Chapter 1: Derek's Arrival
There are some nights in the ER you can’t shake off, no matter how hard you try. Derek’s was one of them. His visit was quick, his condition shifting right under our noses, and by the end, there was no going back.
Even now, sitting at my cluttered desk—half-drunk coffee cooling in a Styrofoam cup, the muted TV in the corner reciting the evening news—I can still see that night so clearly. The bitter tang clung to my tongue, grounding me in the here and now even as my mind kept drifting back. The overhead lights buzzed, and exhaustion pressed behind my eyes. But some cases leave a scar. Derek’s did.
Derek was 29. He walked in because his throat just felt wrong. For a few months, swallowing food had become a struggle. Add a nagging cough, and he finally decided it was time to get checked out.
He showed up in a faded Nirvana T-shirt—the yellow smiley face was cracked and peeling, probably vintage, or at least thrifted—and jeans, looking every bit the guy you’d see at a record store. His face was tight with exhaustion and worry. He kept clearing his throat, eyes flicking to the wall clock like he had somewhere better to be. You just knew this wasn’t someone who came to the hospital unless he had no other choice.
Turns out, this wasn’t even his first stop. He’d already gone to urgent care. That doctor took his history and found out he’d been struggling to swallow anything—sandwiches, oatmeal, didn’t matter—for over two months. The doc told him he needed more tests at a real hospital, and, as gently as possible, warned him to watch out for the chance of esophageal cancer.

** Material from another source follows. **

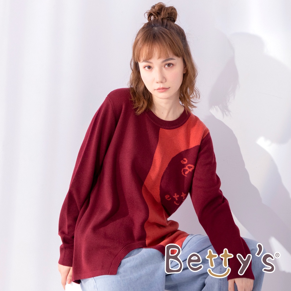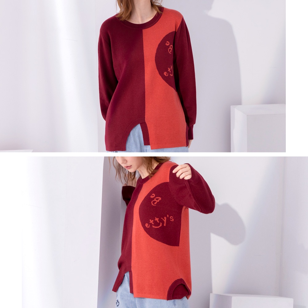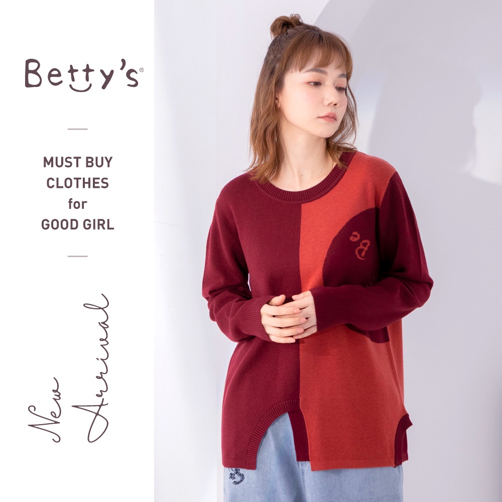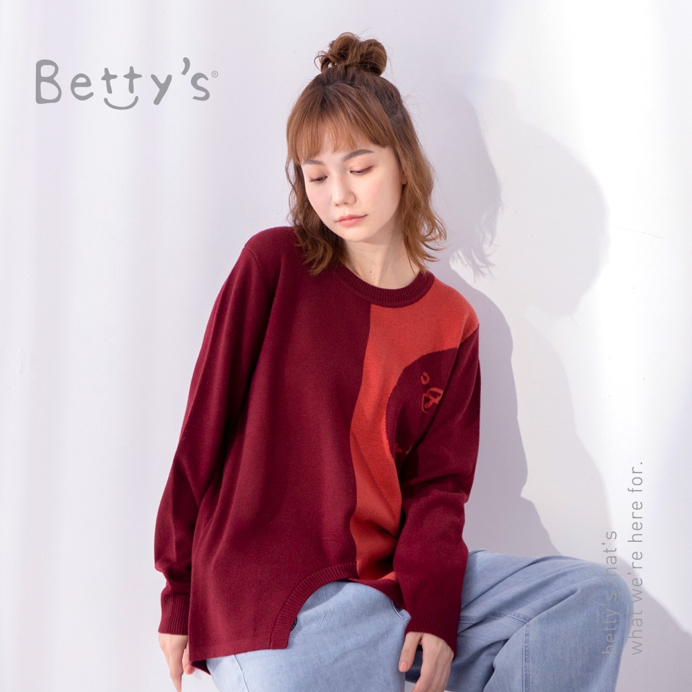 betty’s貝蒂思(05)圓領拼色質感毛衣(暗紅)

I could almost picture that urgent care: harsh fluorescent lighting, a stiff vinyl chair, a young doctor doing their best not to let their voice shake. No one wants to be the person who plants that kind of fear in someone’s mind.

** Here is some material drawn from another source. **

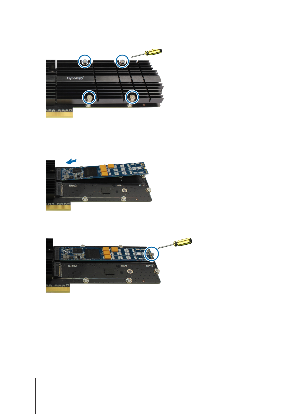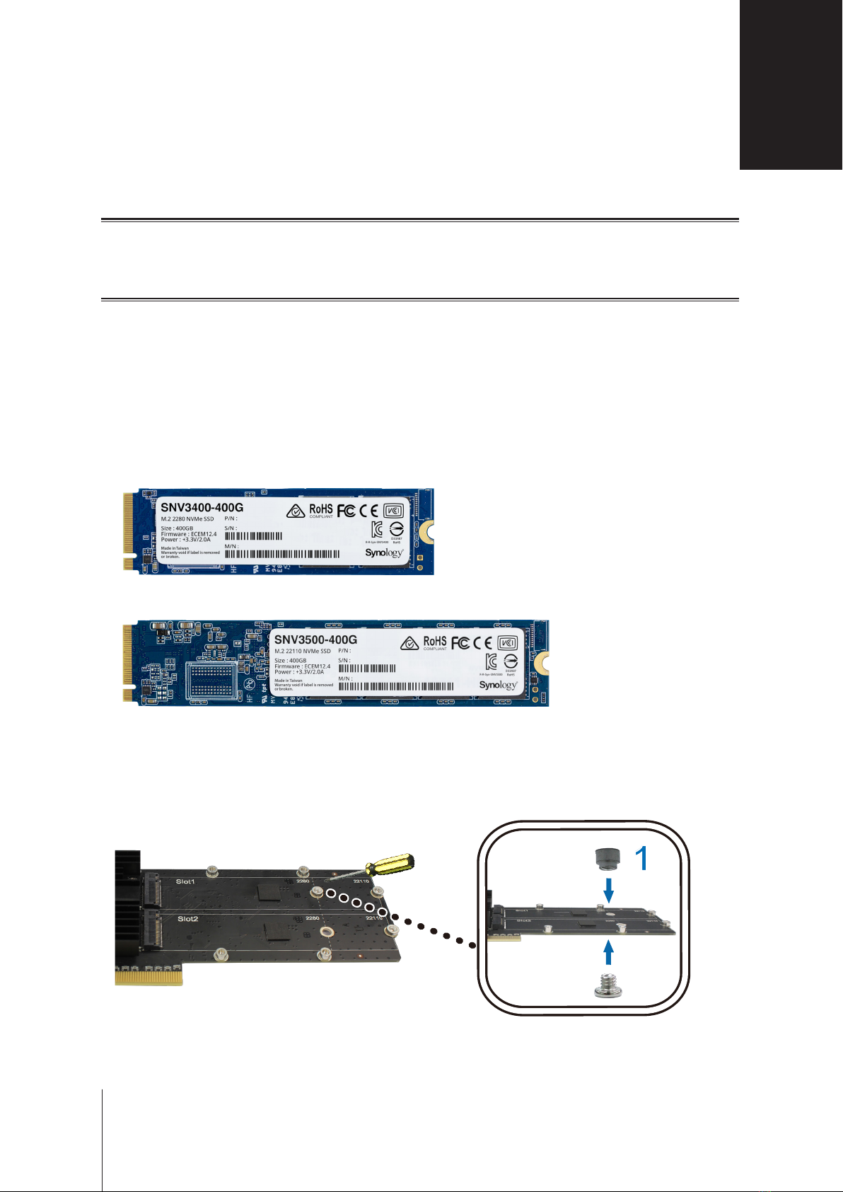 Note: The supported NVMe SSD will vary from dierent Synology NAS, please visit www.synology.com to get more

“Esophageal cancer? How could I have esophageal cancer? No one in my family’s ever had cancer. And I’m still so young!” Derek’s voice broke, disbelief and anger crashing together.
He bit his lip, eyes darting up to meet mine, then away again. For a second, he looked like a kid about to get grounded. He stared at the linoleum, fiddling with his jacket zipper. I recognized that look—clinging to hope that this was all some mistake, a doctor being overly cautious.
Every med student knows the drill: trouble swallowing that keeps getting worse? You don’t mess around. Cancer’s always lurking on the list, no matter how young the patient.
Dysphagia that gets worse over time is a red flag you never ignore. Sure, you check for reflux or strictures, but cancer is always there, hovering at the edge of every differential diagnosis.
Think about it: the esophagus is just a tube. Food’s got to make the journey down to the stomach, but if a tumor starts squeezing it tight, the opening narrows. At first, bread and meat get stuck. Later, even water struggles to make it through.